Послушайте, я совершенно одинок на земле. В молодости я вел жизнь уединенную, хотя, помнится, никогда не прикидывался Байроном*; но, во-первых, обстоятельства, во-вторых, способность фантазировать и любовь к фантазии, довольно холодная кровь, гордость, лень — словом, множество разных причин отдалило меня от общества людей. Переход от жизни мечтательной к действительной совершился во мне поздно… может быть, слишком поздно, может быть, до сих пор не вполне. Пока меня тешили собственные мои мысли и чувства, пока я был способен предаваться беспричинным молчаливым восторгам и т. д., я не жаловался на свое одиночество. У меня не было товарищей — были так называемые друзья. Иногда я нуждался в их присутствии, как электрическая машина нуждается в разряднике — и только. Любовь… об этом предмете мы пока помолчим. Но теперь, признаюсь, теперь одиночество тяготит меня, а между тем я не вижу никакого выхода из моего положения. Я не виню судьбы; я один виноват, и поделом наказан. В молодости меня занимало одно: мое милое я; я принимал свое добродушное самолюбие за стыдливость; я чуждался общества — и вот теперь я сам себе надоел страшно. Куда деться? Я никого не люблю; все мои сближения с другими людьми как-то натянуты и ложны; да и воспоминаний у меня нет, потому что во всей моей прошедшей жизни я ничего не нахожу, кроме собственной моей особы. Спасите меня: вам я не клялся восторженно в любви; вас я не оглушал потоком болтливых речей; я довольно холодно прошел мимо вас, и оттого именно решаюсь теперь прибегнуть к вам. (Я и прежде об этом подумывал, да вы тогда не были свободны…) Среди всех моих самодельных ощущений, радостей и страданий, единственно истинным чувством было то небольшое, но невольное влечение к вам, которое завяло тогда, как одинокий колос среди негодных трав… Дайте мне хоть раз посмотреть в лицо другое, в другую душу — мое собственное лицо мне опротивело; я похож на человека, который был бы осужден весь свой век жить в комнате с зеркальными стенами… Я не требую от вас никаких признаний — о, боже, нет! Подарите меня безмолвным участием сестры или хоть простым любопытством читателя — я вас займу, право займу.

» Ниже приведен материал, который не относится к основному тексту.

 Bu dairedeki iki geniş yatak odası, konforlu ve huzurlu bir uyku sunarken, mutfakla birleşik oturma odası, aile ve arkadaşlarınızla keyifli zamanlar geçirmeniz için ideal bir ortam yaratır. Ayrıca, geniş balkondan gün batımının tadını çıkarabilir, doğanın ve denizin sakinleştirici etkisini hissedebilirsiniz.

А впрочем, честь имею пребыть вашим искренним другом.
А. С.
IV
От Алексея Петровича к Марье Александровне
Петербург, 7-го апреля.
Пишу опять к вам, хотя и предвижу, что без вашего одобрения скоро замолчу. Я должен сознаться, что вы не можете не чувствовать некоторой недоверчивости ко мне. Что ж? вы, может быть, и правы. Прежде я торжественно объявил бы вам (и сам, пожалуй, себе бы на слово поверил), что, со времени нашей разлуки, я «развился», ушел вперед; с снисходительным, почти ласковым презрением отозвался бы я о своем прошедшем, с трогательной хвастливостью посвятил бы вас в тайны своей настоящей, действительной жизни… но теперь, уверяю вас, Марья Александровна, мне даже совестно и гадко вспоминать о том, как некогда разыгрывалось и тешилось мое дрянное самолюбие. Не бойтесь: я не стану вам навязывать никаких великих истин, никаких глубоких взглядов; у меня нет их — этих истин и взглядов. Я стал добрым малым — право. Мне скучно, Марья Александровна, мне просто мочи нет как скучно. Вот отчего я к вам пишу… Мне, право, кажется, что мы можем сойтись…

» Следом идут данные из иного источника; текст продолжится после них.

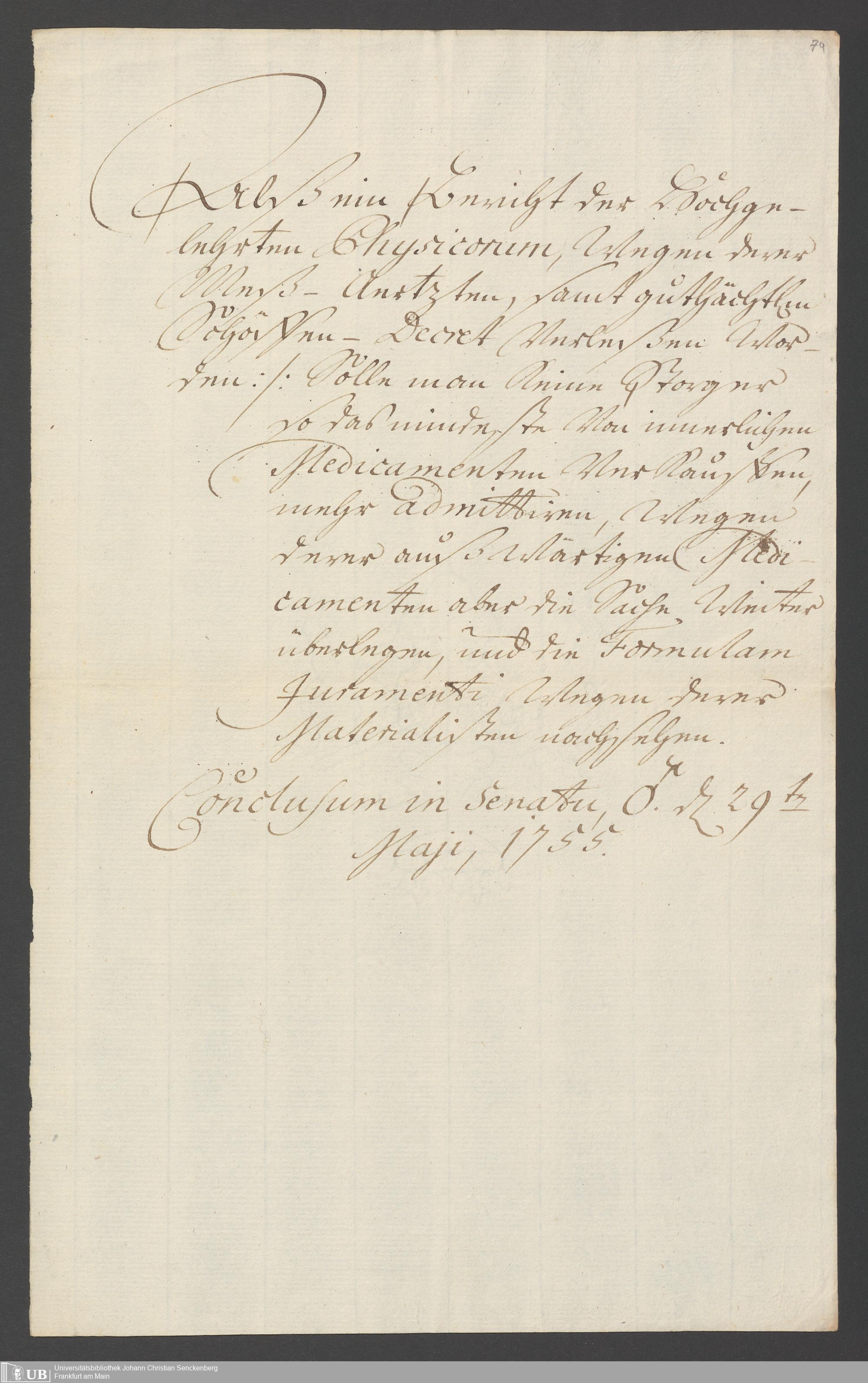 Na 31 Nachlass Johann Christian Senckenberg, 286 - Verfügungen des Sanitätsamtes

Однако я решительно не в состоянии говорить с вами, пока вы мне не протянете вашей руки, пока я не получу от вас записки с одним словом «да». — Марья Александровна, хотите ли вы меня выслушать? — вот в чем вопрос*.
Преданный вам А. С
V
От Марьи Александровны к Алексею Петровичу
Село …но, 14 апреля.
Какой вы странный человек! Ну — да.
Марья Б.
VI
От Алексея Петровича к Марье Александровне
Петербург, 2 мая 1840.
Ура! Спасибо, Марья Александровна, спасибо! Вы очень доброе и снисходительное создание.
Начинаю, по обещанию, говорить о самом себе и буду говорить с удовольствием, доходящим до аппетита… Именно так. Обо всем на свете можно говорить с жаром, с восторгом, с увлечением, но с аппетитом говоришь только о самом себе.

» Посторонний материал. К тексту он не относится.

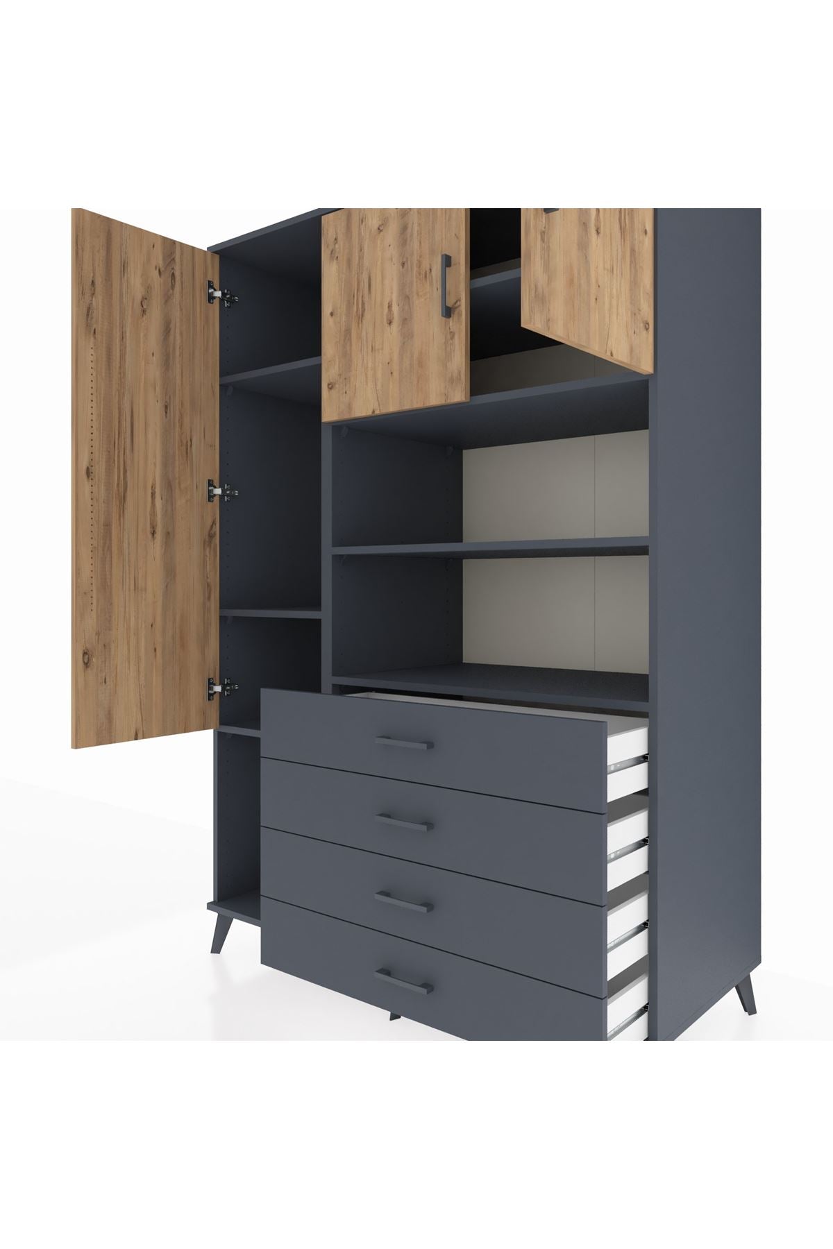 🌞 Kronos Dolap 7 Raflı 4 Çekmeceli 3 Kapaklı – Antrasit-Çam/Antrasit

Послушайте, со мной на днях случилось престранное происшествие: я в первый раз оглянулся на свое прошедшее. Вы поймите меня: каждый из нас часто вспоминает о бывалом — с сожалением или с досадой, или просто так, от нечего делать; но бросить холодный, ясный взгляд на всю свою прошедшую жизнь — вот как прохожий, оборачиваясь, глядит с высокой горы на пройденное им поле — можно только в известные лета… и тайный холод охватит сердце человека, когда это с ним случается в первый раз. По крайней мере у меня оно болезненно сжалось. Пока мы молоды — такого рода оглядки невозможны. Но молодость моя миновала — и, как тому прохожему на горе, мне всё ясно стало видно…
Да, прошла моя молодость, прошла невозвратно!.. Вот она лежит передо мной, вся, как на ладони…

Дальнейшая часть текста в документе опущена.